EXTRACTED DATA:
[Start of Attachment]
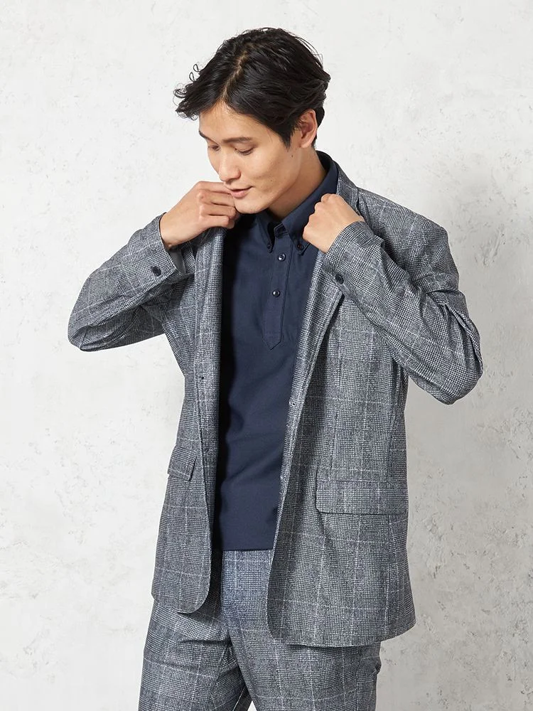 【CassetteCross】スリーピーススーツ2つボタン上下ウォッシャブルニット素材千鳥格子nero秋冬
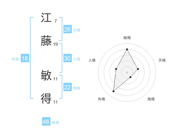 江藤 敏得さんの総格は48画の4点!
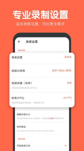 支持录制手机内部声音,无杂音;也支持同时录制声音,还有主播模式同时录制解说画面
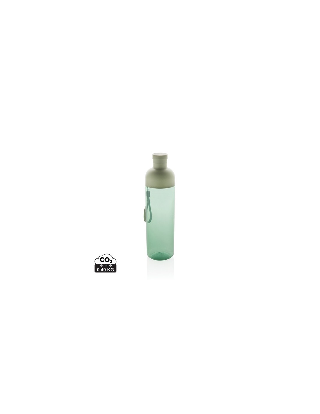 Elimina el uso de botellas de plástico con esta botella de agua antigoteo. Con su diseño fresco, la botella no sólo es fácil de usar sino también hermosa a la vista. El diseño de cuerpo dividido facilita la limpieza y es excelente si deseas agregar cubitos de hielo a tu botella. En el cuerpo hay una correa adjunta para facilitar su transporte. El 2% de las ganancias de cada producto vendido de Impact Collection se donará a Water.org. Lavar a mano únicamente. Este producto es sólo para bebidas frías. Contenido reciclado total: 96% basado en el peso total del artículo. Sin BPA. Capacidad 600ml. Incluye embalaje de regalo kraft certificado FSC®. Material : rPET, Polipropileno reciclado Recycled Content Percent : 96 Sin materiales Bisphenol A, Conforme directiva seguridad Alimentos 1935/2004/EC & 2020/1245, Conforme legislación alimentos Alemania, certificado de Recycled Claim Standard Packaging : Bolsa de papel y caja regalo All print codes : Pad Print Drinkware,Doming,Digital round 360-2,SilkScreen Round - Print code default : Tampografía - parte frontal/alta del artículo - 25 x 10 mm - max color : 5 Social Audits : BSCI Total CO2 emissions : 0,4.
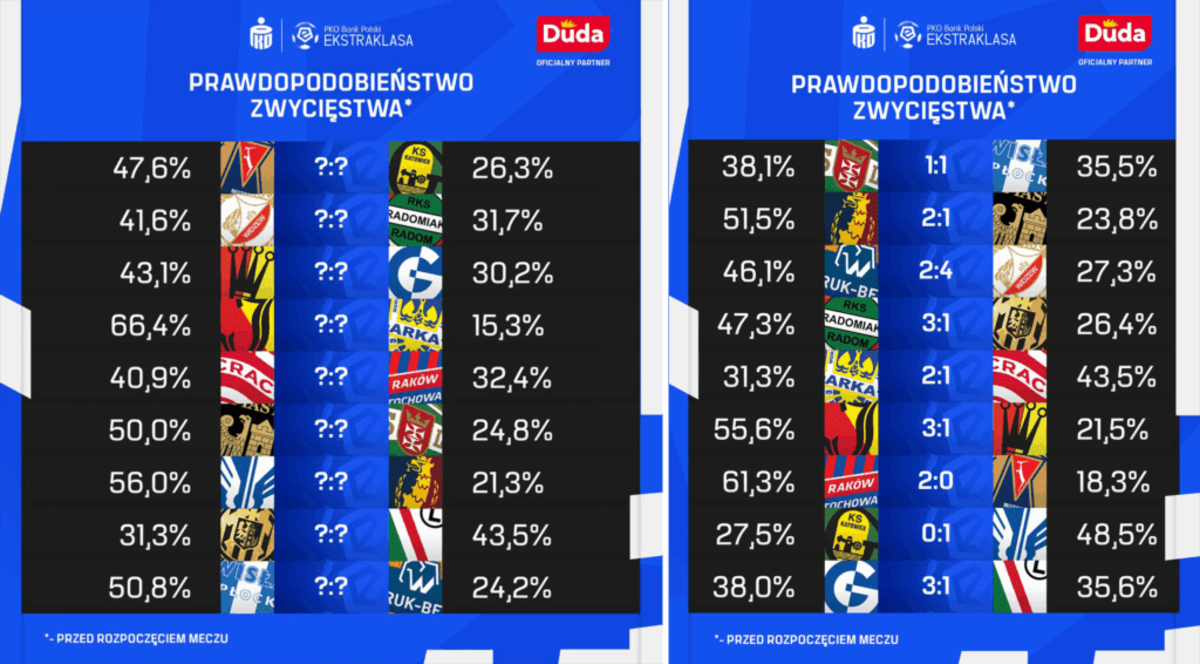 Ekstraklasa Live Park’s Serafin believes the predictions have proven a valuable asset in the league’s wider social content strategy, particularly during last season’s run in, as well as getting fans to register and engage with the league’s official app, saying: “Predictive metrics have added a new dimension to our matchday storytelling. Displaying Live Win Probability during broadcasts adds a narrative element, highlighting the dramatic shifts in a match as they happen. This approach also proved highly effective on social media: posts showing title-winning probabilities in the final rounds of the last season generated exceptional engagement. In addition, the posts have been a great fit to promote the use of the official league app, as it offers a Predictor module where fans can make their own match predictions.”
[End of Attachment]
WHAT TO PRODUCE: Copy exactly, without pictures, the lines above from the one with "支持录制手机内部声音,无杂音;也支持同时录制声音,还有主播模式同时录制解说画面" down to the one with "Elimina el uso", inclusive.

SOLUTION FOR THIS PROBLEM:
 支持录制手机内部声音,无杂音;也支持同时录制声音,还有主播模式同时录制解说画面
 Elimina el uso de botellas de plástico con esta botella de agua antigoteo. Con su diseño fresco, la botella no sólo es fácil de usar sino también hermosa a la vista. El diseño de cuerpo dividido facilita la limpieza y es excelente si deseas agregar cubitos de hielo a tu botella. En el cuerpo hay una correa adjunta para facilitar su transporte. El 2% de las ganancias de cada producto vendido de Impact Collection se donará a Water.org. Lavar a mano únicamente. Este producto es sólo para bebidas frías. Contenido reciclado total: 96% basado en el peso total del artículo. Sin BPA. Capacidad 600ml. Incluye embalaje de regalo kraft certificado FSC®. Material : rPET, Polipropileno reciclado Recycled Content Percent : 96 Sin materiales Bisphenol A, Conforme directiva seguridad Alimentos 1935/2004/EC & 2020/1245, Conforme legislación alimentos Alemania, certificado de Recycled Claim Standard Packaging : Bolsa de papel y caja regalo All print codes : Pad Print Drinkware,Doming,Digital round 360-2,SilkScreen Round - Print code default : Tampografía - parte frontal/alta del artículo - 25 x 10 mm - max color : 5 Social Audits : BSCI Total CO2 emissions : 0,4.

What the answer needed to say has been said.